**Task brief:** Starting at the first line of the data, print every line up to and including the one with "Seremi de Salud", but no pictures.

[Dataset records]
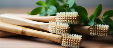Zero waste concept. Bamboo toothbrush on wooden background. Plastic free essentials, teeth care. Sustainable lifestyle BANNER, LONG FORMAT
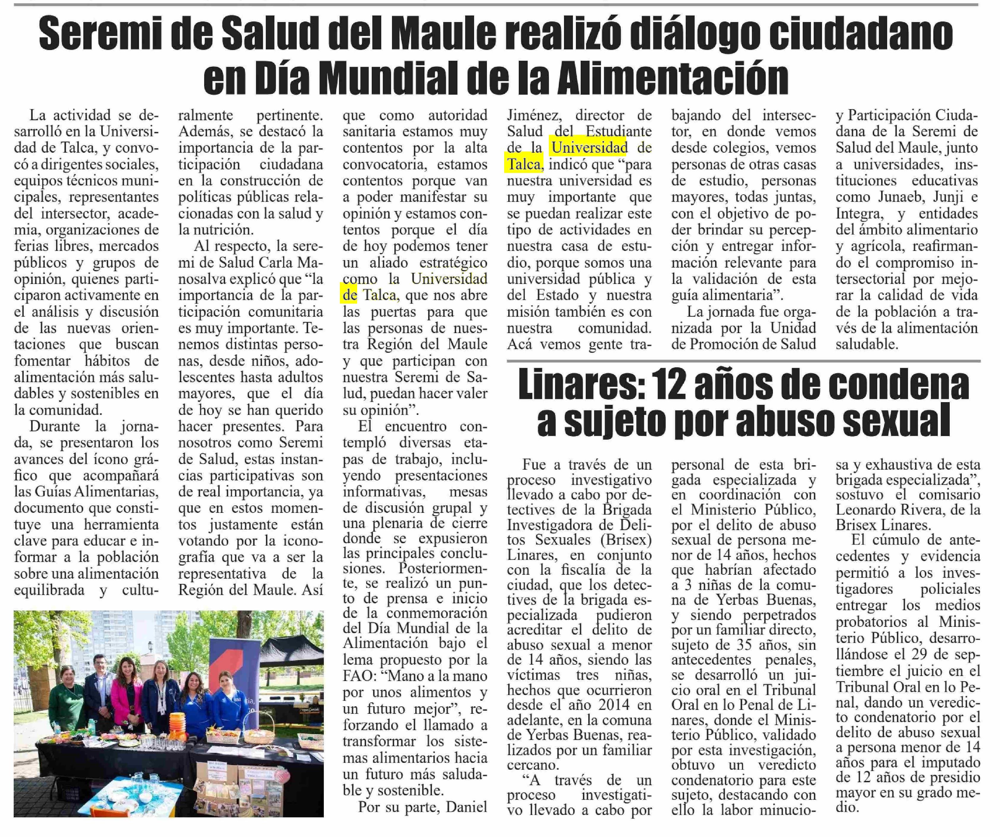 Seremi de Salud del Maule realizó diálogo ciudadano en Día Mundial de la Alimentación. Se refiere Da niel Jiménez, director de Salud del Estudiante
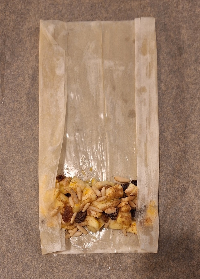 Os mini strudel de maçã com massa filo são porções individuais deliciosas, riquíssimas em maçãs, uva-passa e pinhões com uma crosta crocante de massa filo enriquecida com lâminas de amêndoas.
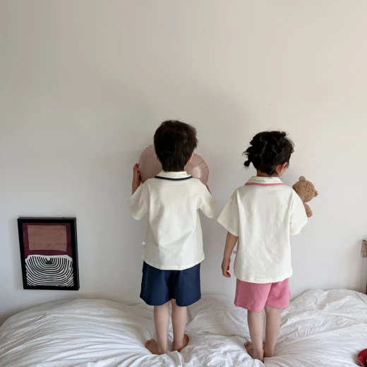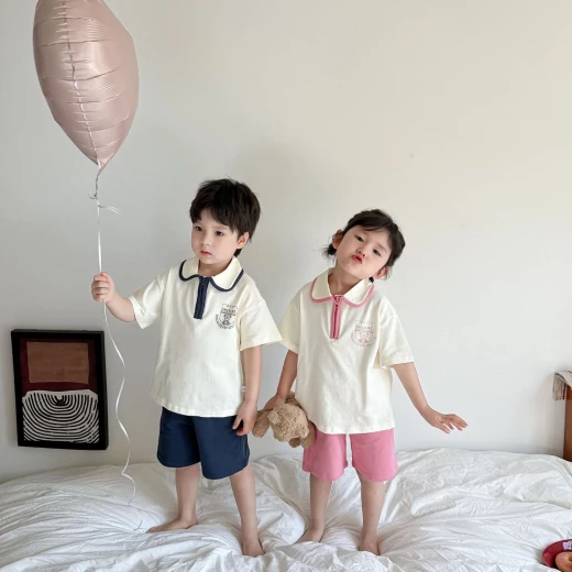 #2903m32 SÉT POLO CỔ SEN PHỐI VIỀN ✔2 màu : than - hồng - sz 90-140 ? giá 164k ? chốt 29/3
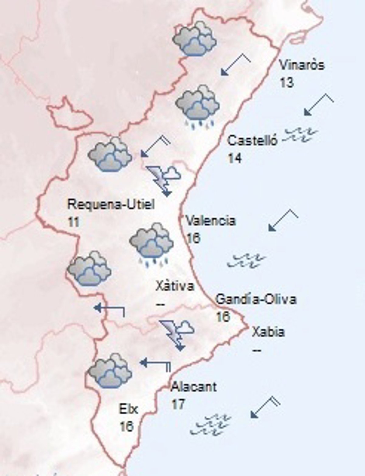 El litoral sur de Valencia y el norte de Alicante están en alerta amarilla por fuertes lluvias especialmente durante la primera mitad del día. De hecho, ya está lloviendo en la comarca valenciana de La Safor y en la alicantina de la Marina Alta, según Aemet.
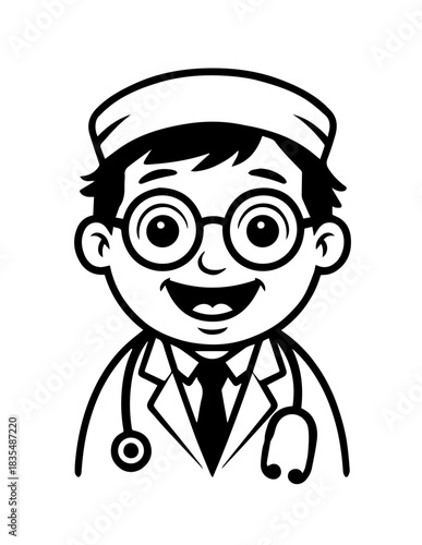 Vector Illustration of a a portrait of a doctor with lines drawing for logo,icon, black and white
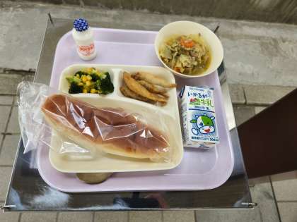 今日の給食の献立は、おさつパン、わかさぎフライ、スープ煮、ブロッコリーとコーンのサラダ、発酵乳、牛乳でした。

**Expected answer:**
Zero waste concept. Bamboo toothbrush on wooden background. Plastic free essentials, teeth care. Sustainable lifestyle BANNER, LONG FORMAT
 Seremi de Salud del Maule realizó diálogo ciudadano en Día Mundial de la Alimentación. Se refiere Da niel Jiménez, director de Salud del Estudiante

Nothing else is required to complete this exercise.